Composite indexes combine vector fields with other scalar fields. This is useful when you need to filter documents by metadata before performing vector search.

Creating a Composite Index using SQL++:

CREATE INDEX idx_pdf_composite ON `bucket_name`.`scope_name`.`collection_name`(embedding VECTOR) WITH { "dimension": 1536, "similarity": "DOT" };

Index Parameters:

dimension: Must match your embedding model (1536 for OpenAI ada-002/ada-003, 768 for sentence-transformers)
similarity: Must match the similarity metric in CouchbaseQueryDocumentStore. Use DOT for dot product (recommended for OpenAI embeddings)

Important Notes:

Index Creation Timing: Hyperscale and Composite vector indexes require training data. Create the index after you've loaded the documents into your collection.
Similarity Metric: The similarity parameter in the index must match the similarity parameter in your CouchbaseQueryDocumentStore configuration.
Dimension: Must match your embedding model's output dimensions.

Verifying Your Index:

After creating the index, verify it exists:

SELECT * FROM system:indexes WHERE name LIKE 'idx_%_vector';

FTS Vector Index (for `chat_with_pdf_with_fts.py`)

Automatic Creation: The app attempts to create the FTS index automatically on startup using the INDEX_NAME from your configuration.

Manual Creation (if automatic creation fails): Create a Full Text Search index with vector capabilities.

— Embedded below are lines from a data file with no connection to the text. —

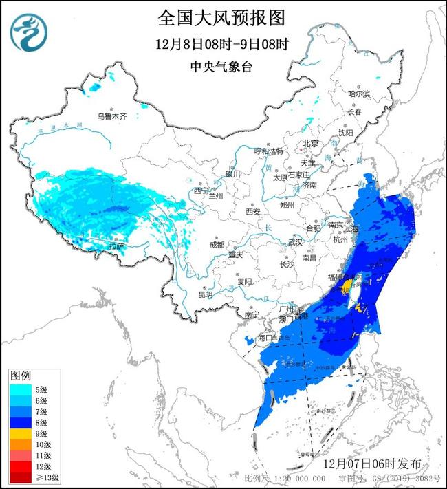 12月8日08时至9日08时,内蒙古东部、浙江东部沿海、西藏中西部、青海西南部、川西高原等地部分地区有5~6级风,阵风7~8级;黄海东南部海域、东海大部海域、台湾海峡、台湾以东洋面、巴士海峡、南海北部、中部和西南部海域海域将有7~8级、阵风9级的大风,其中台湾海峡、台湾以东洋面和巴士海峡部分海域的风力可达9级、阵风10级。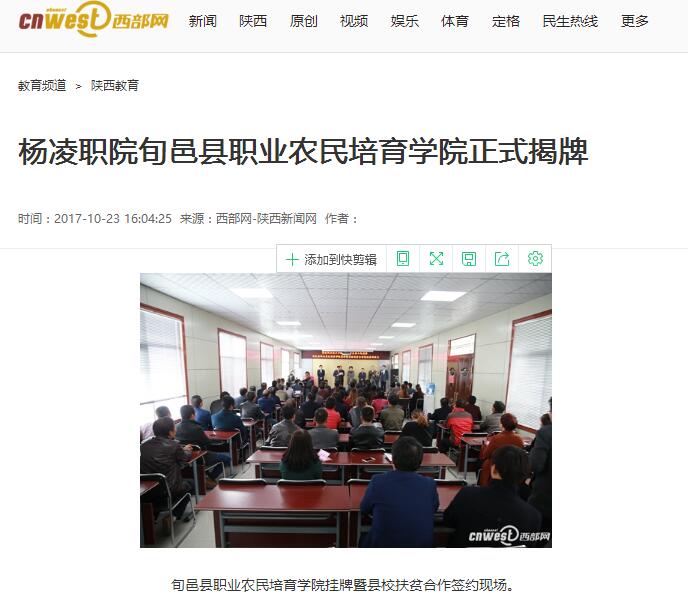 【西部网】杨凌职院旬邑县职业农民培育学院正式揭牌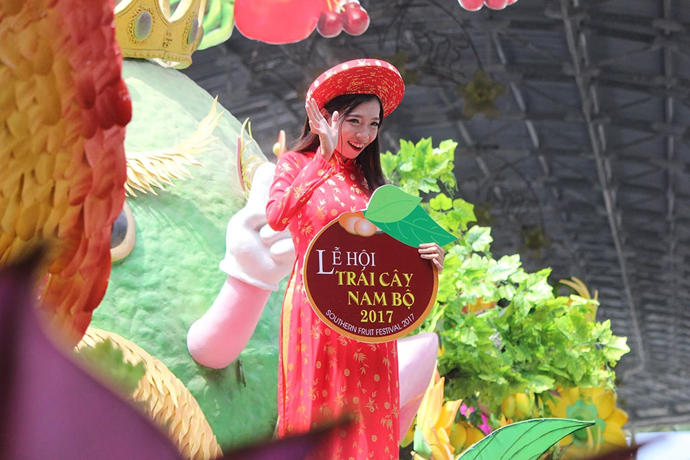 Buổi trình diễn thời trang của nhà thiết kế trẻ Tín Thái với chủ đề "Việt Nam - Vẻ đẹp bất tận" nằm trong khuôn khổ Lễ hội Trái cây Nam bộ 2017 tại Khu du lịch Suối Tiên.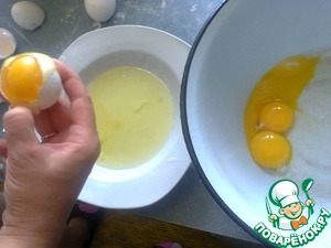Желтки отделить от белков и и положить их в глубокую миску, в которой мы будем делать тесто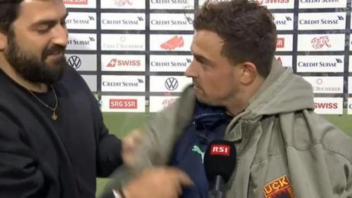 “Episodi i pakëndshëm në fund të ndeshjes në Zvicër: Tifozi hyn në fushatë gjatë intervistave dhe ia vendos Xherdan Shaqirit një xhaketë.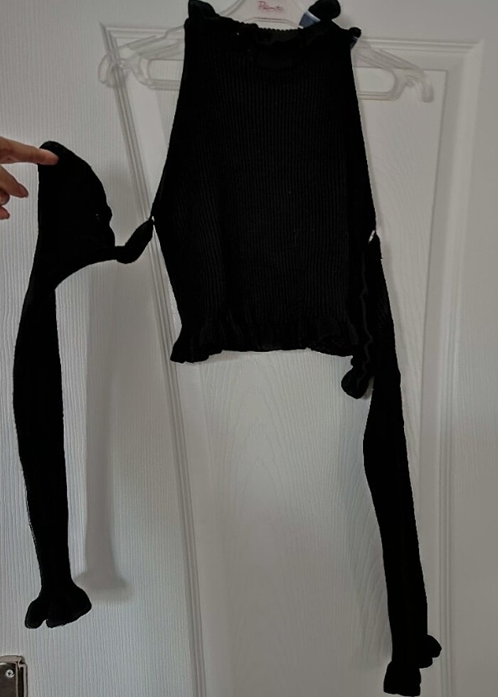 Milla ürünü, kolları ve boynu fırfırlı, kolları ayrı bluz. kaymasını önleme amacıyla arada bir ip mevcuttur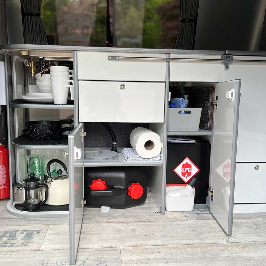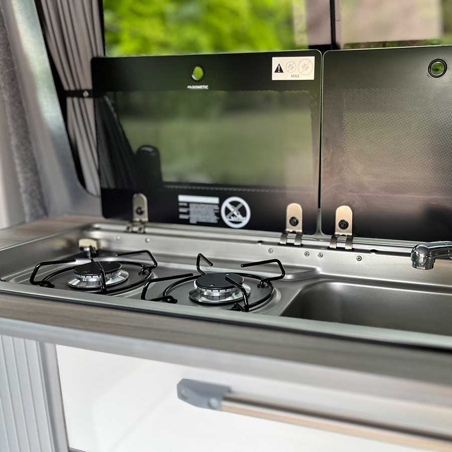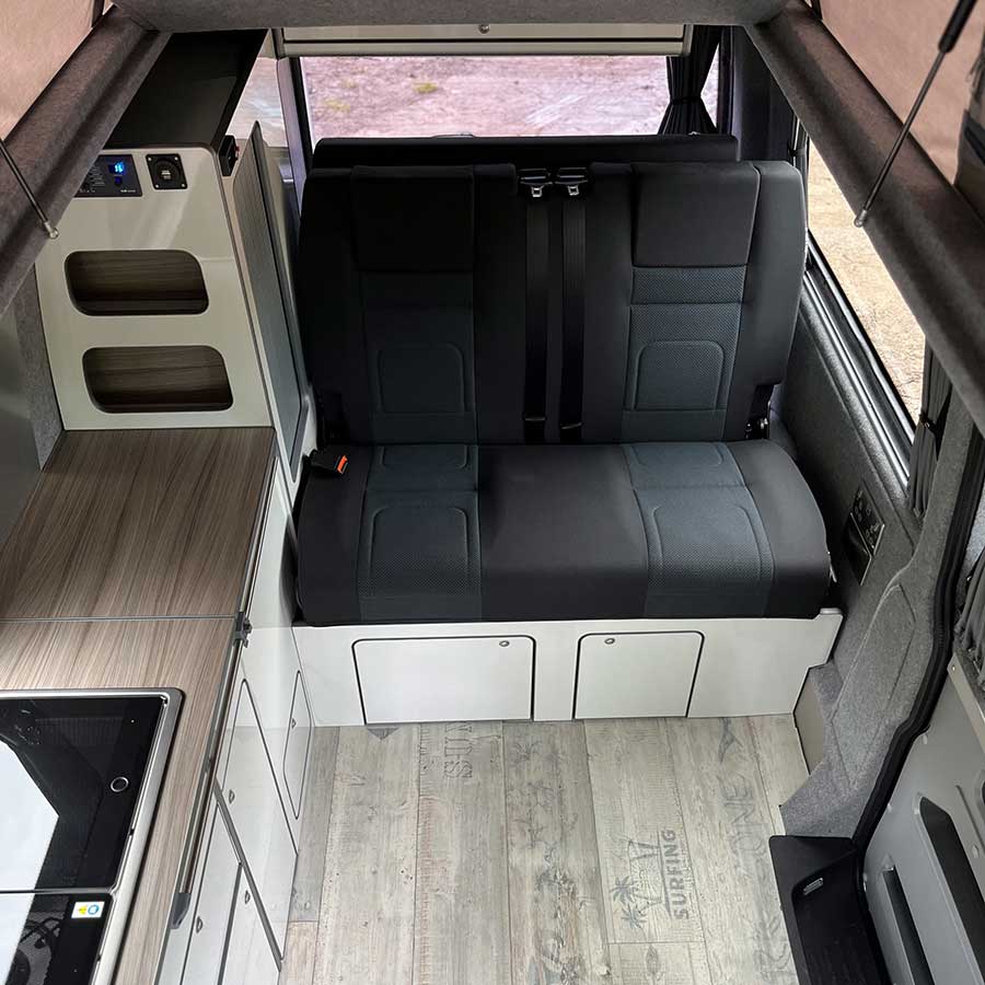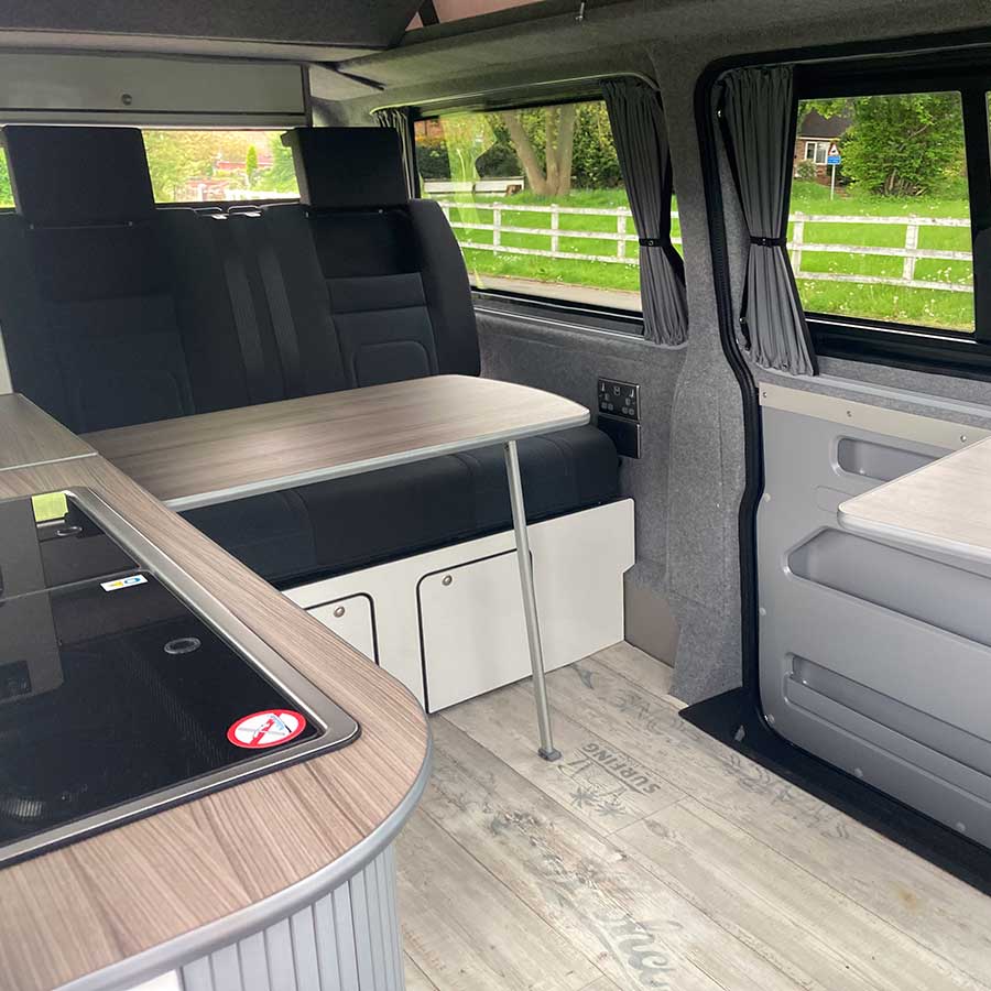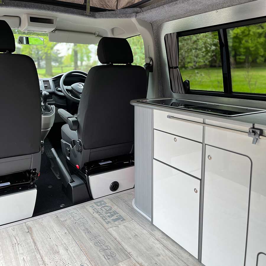 Ocean is a 2018, 4 berth Volkswagen Transporter, equipped with all essentials needed for a stress free trip. Finished in metallic green with 17 inch alloy wheels, Ocean is a campervan with a pop top roof and scenic canvas, so you can comfortably stand as well as enjoy beautiful views whilst relaxing in the elevating roof bed.

Creating an FTS Index with Vector Support

If automatic creation fails, you can create the index using the Couchbase UI or by importing the provided index definition.

Using Couchbase Capella:

Follow the import instructions here
Use the provided sampleSearchIndex.json file in this repository
Update the following values in the JSON before importing:
- sourceName: Replace sample_bucket with your bucket name
- types: Replace scope.coll with your actual scope_name.collection_name
Import the file in Capella
Click on Create Index

Using Couchbase Server:

Navigate to Search -> Add Index -> Import
Use the provided sampleSearchIndex.json file in this repository
Update the following values in the JSON before importing:
- sourceName: Replace sample_bucket with your bucket name
- types: Replace scope.coll with your actual scope_name.collection_name
Paste the updated JSON in the Import screen
Click on Create Index

FTS Index Definition

The sampleSearchIndex.json file contains a pre-configured FTS index with vector capabilities. Key features:

Index Name: sample-index (customizable)
Vector Field: embedding with 1536 dimensions
Similarity: dot_product (optimized for OpenAI embeddings)
Text Field: content for document text
Metadata: Dynamic mapping for meta fields

Run the Application

For Hyperscale or Composite Vector Index:

streamlit run chat_with_pdf.py

For Search Service / FTS:

streamlit run chat_with_pdf_with_fts.py

Implementation Details

Hyperscale and Composite Vector Index Implementation (`chat_with_pdf.py`)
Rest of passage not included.